É nesse cenário que entram os corpos cetônicos — uma fonte alternativa de energia capaz de atravessar a barreira hematoencefálica e alimentar neurônios mesmo quando o metabolismo da glicose está prejudicado.
O estudo que colocou o óleo de coco no centro da discussão
Em 2018, um estudo piloto publicado avaliou os efeitos de uma dieta mediterrânea enriquecida com óleo de coco em pacientes diagnosticados com Alzheimer.

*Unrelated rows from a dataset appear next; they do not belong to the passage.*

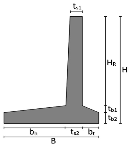 Schematic view of the retaining wall, where H is the wall height; HR is the stem height; tb2 is the base thickness at the edges; tb1 + tb2 is the base thickness at the stem joint; B is the base width; bh is the heel width; bt is the toe width; ts1 is the stem top thickness; and ts2 is the stem base thickness.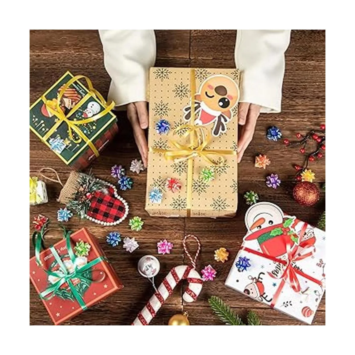 Lazos autoadhesivos. Los suministros de envoltura autoadhesivos son los mejores para principiantes que quieren comenzar su envoltura de regalos directamente a pie. Simplemente despega y pega los lazos de regalo de Navidad. Presiona firmemente durante un mínimo de 5 segundos. No necesita cinta. Con estos lazos navideños, nunca es difícil diseñar tus regalos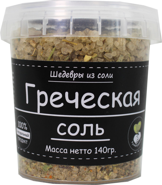 Состав: морская соль, свежие оливки, каперсы, майоран, орегано,тимьян, базилик. черный перец, розмарин, красный острый перец, сублимированный сыр Фета.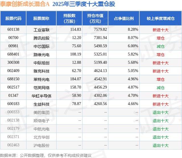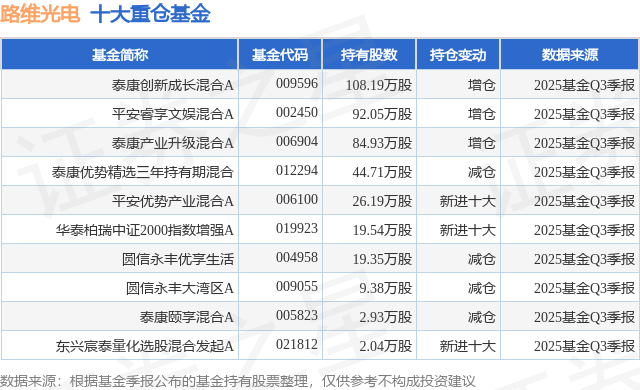 根据2025基金Q3季报公募基金重仓股数据,重仓该股的公募基金共11家,其中持有数量最多的公募基金为泰康基金的泰康创新成长混合A。泰康创新成长混合A目前规模为8.12亿元,最新净值1.242(11月27日),较上一交易日下跌0.45%,近一年上涨39.75%。该公募基金现任基金经理为薛小波。薛小波在任的基金产品包括:泰康产业升级混合A,管理时间为2019年5月17日至今,期间收益率为157.66%;泰康优势精选三年持有期混合,管理时间为2021年8月31日至今,期间收益率为10.87%。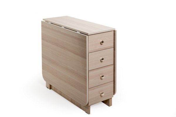 Преимуществом этого стола является наличие вместительных ящиков. В сложенном состоянии стол займёт совсем не много места и будет выполнять функцию комода или тумбы с ящиками.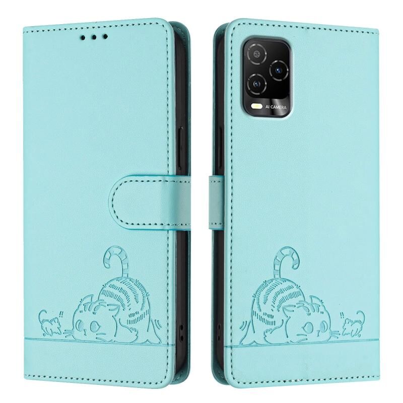 Θήκη τηλεφώνου από δέρμα με ανάγλυφο σχέδιο γάτας και ποντικού για BLU View 5 Pro, με προστασία RFID και λουρί (Μέντας Πράσινο)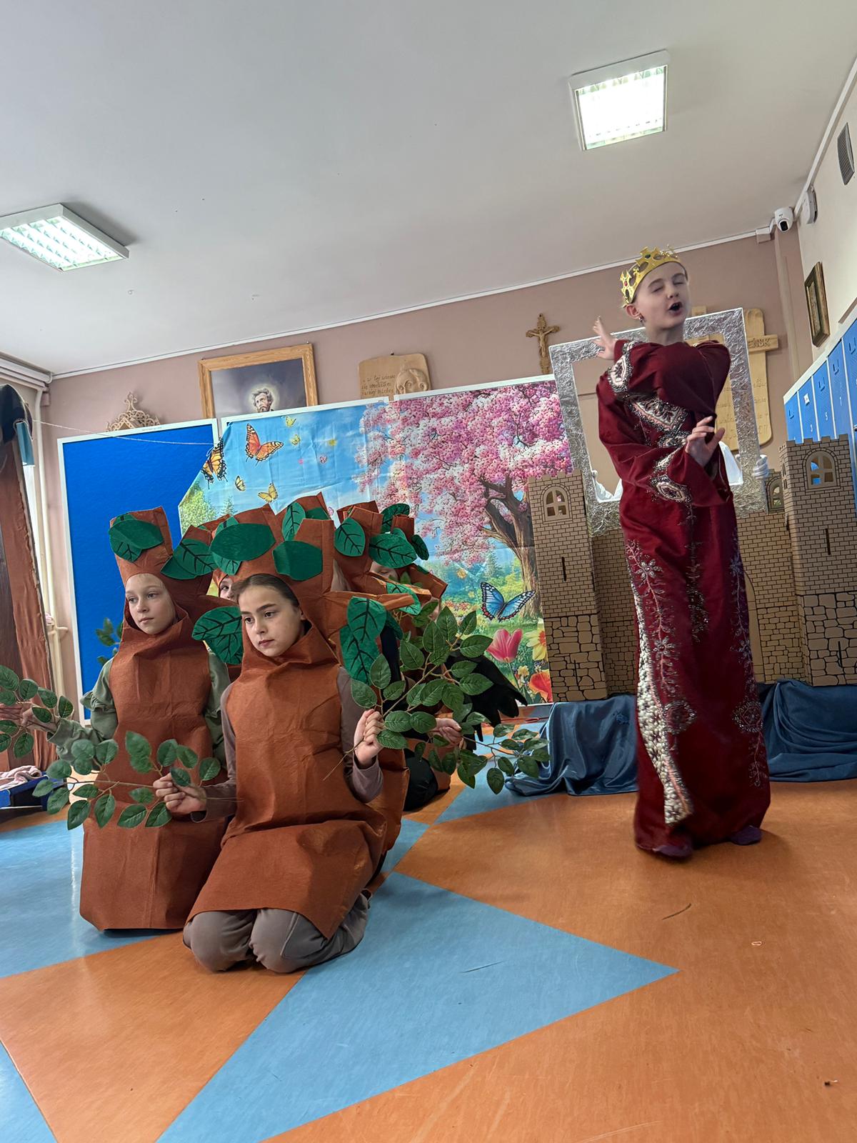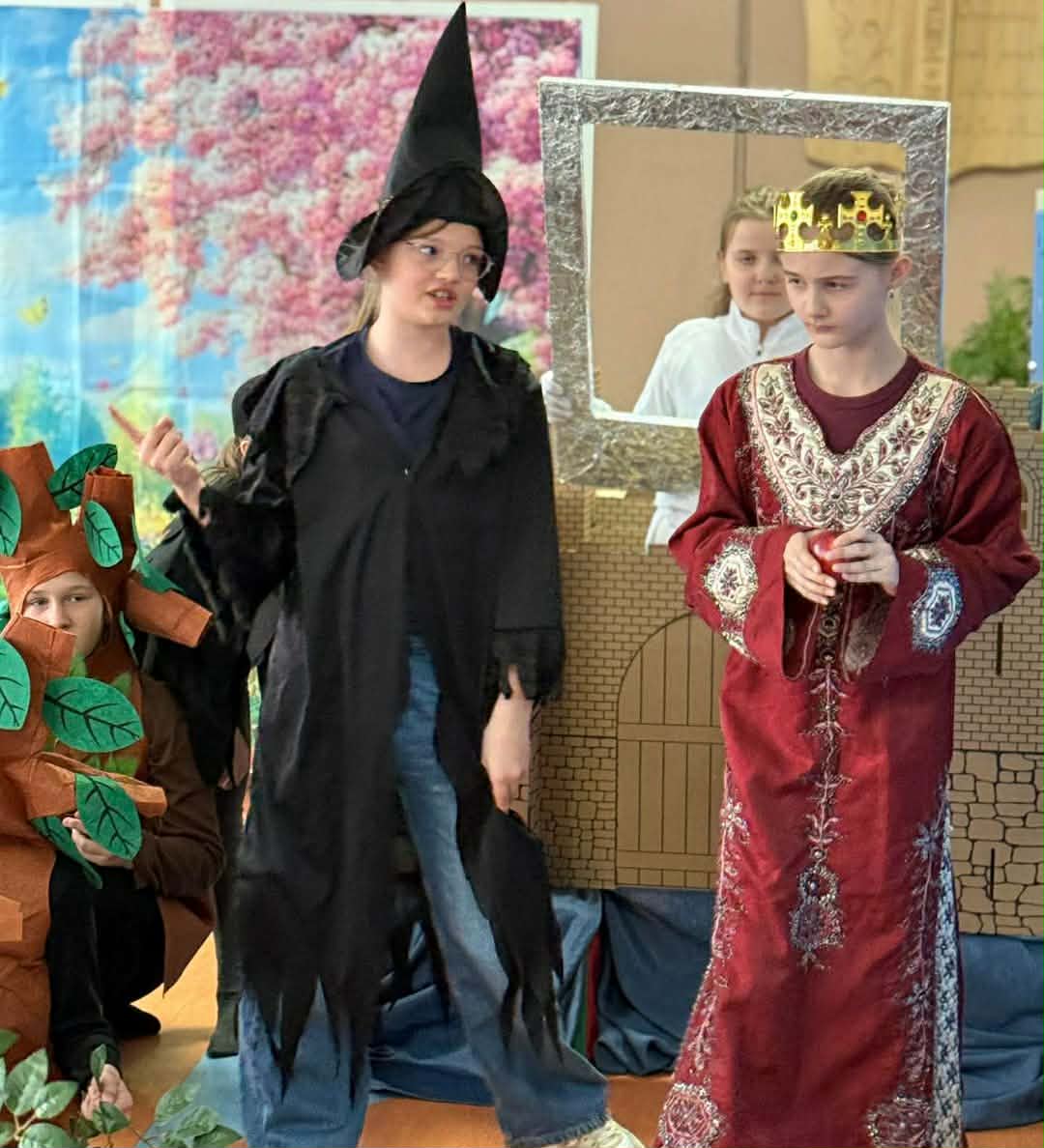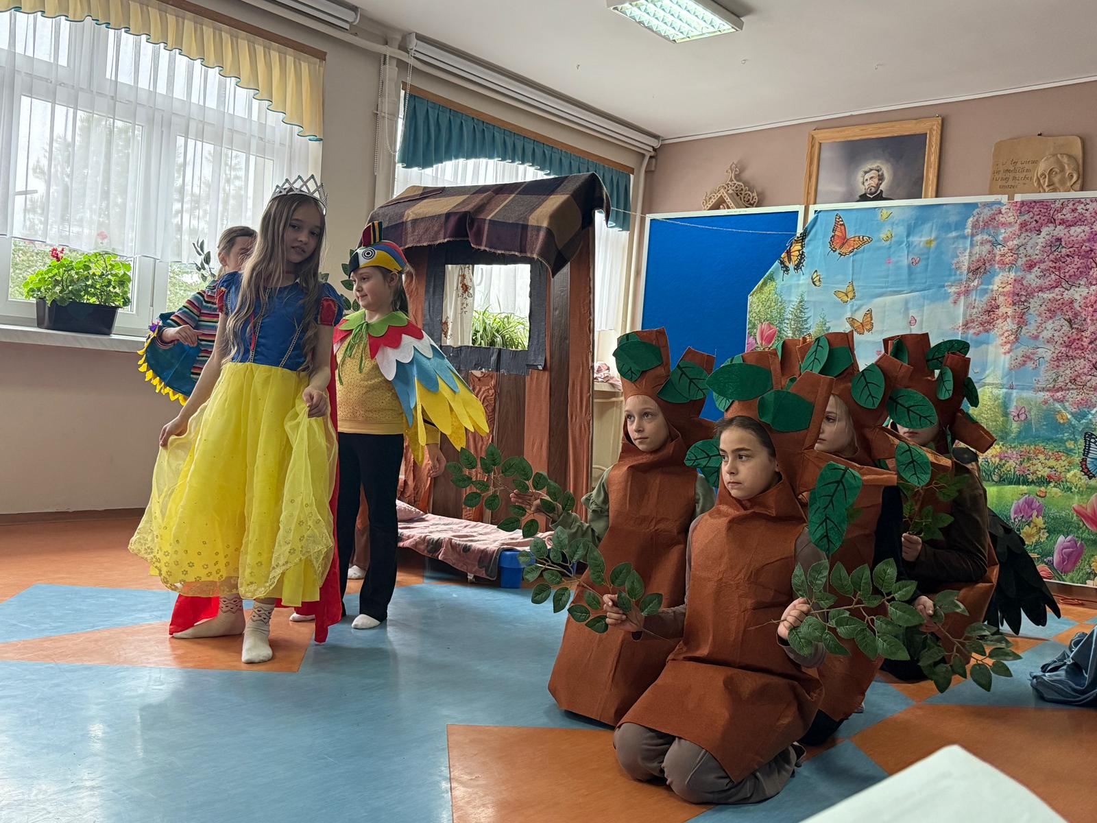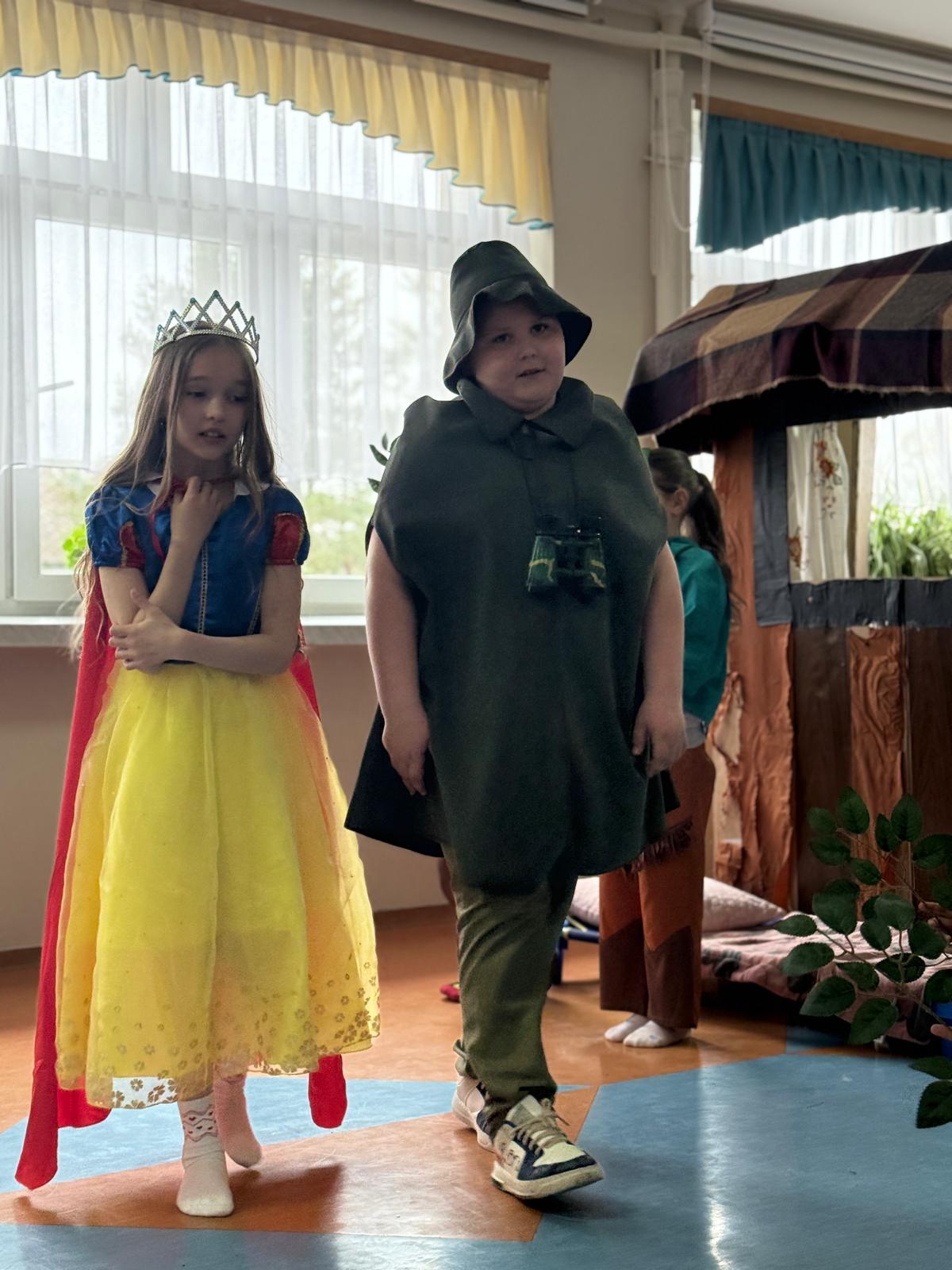 Dzisiaj nasze przedszkolaki miały okazję uczestniczyć w wyjątkowym wydarzeniu – przedstawieniu pt. „Śpiąca Królewna”, przygotowanym przez uczniów szkoły podstawowej. Spektakl dostarczył wszystkim wielu pozytywnych emocji – dzieci z zainteresowaniem śledziły losy bohaterów, podziwiały kostiumy oraz scenografię, a także aktywnie reagowały na przebieg przedstawienia.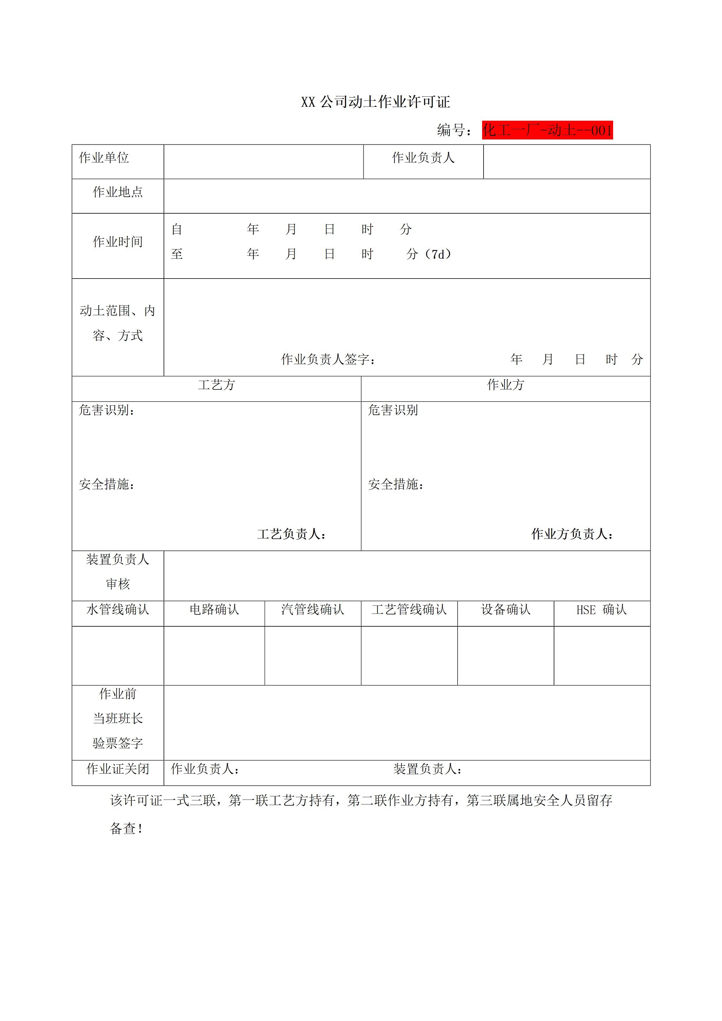 xx公司动土作业许可证[文档]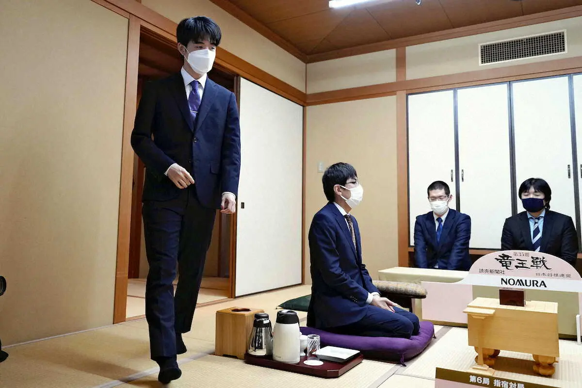 第35期竜王戦七番勝負第6局を前に検分に臨む藤井聡太竜王(左)と広瀬章人八段(1日午後4時59分、鹿児島県指宿市の「指宿白水館」で)=代表撮影 Photo by 代表撮影 藤井竜王「予習はできている」 第6局開会式に広瀬八段と出席 コロナ濃厚… ギャラリーで見る この記事のフォト 2022年12月01日の画像一覧 もっと見る 2022年12月01日の画像をもっと見る

A pesquisa foi conduzida por uma equipe multidisciplinar da Universidade Católica de Valência, na Espanha, e acompanhou pacientes institucionalizados ao longo de 21 dias.
Como o estudo foi conduzido
Quarenta e quatro pacientes, com idades entre 65 e 85 anos, foram divididos aleatoriamente em dois grupos:
- Um grupo experimental, que recebeu suplementação diária de óleo de coco
- Um grupo controle, que seguiu a mesma dieta sem o óleo de coco
Ambos os grupos seguiram uma dieta mediterrânea isocalórica, com ajuste preciso dos macronutrientes para que o óleo de coco não aumentasse a ingestão calórica total.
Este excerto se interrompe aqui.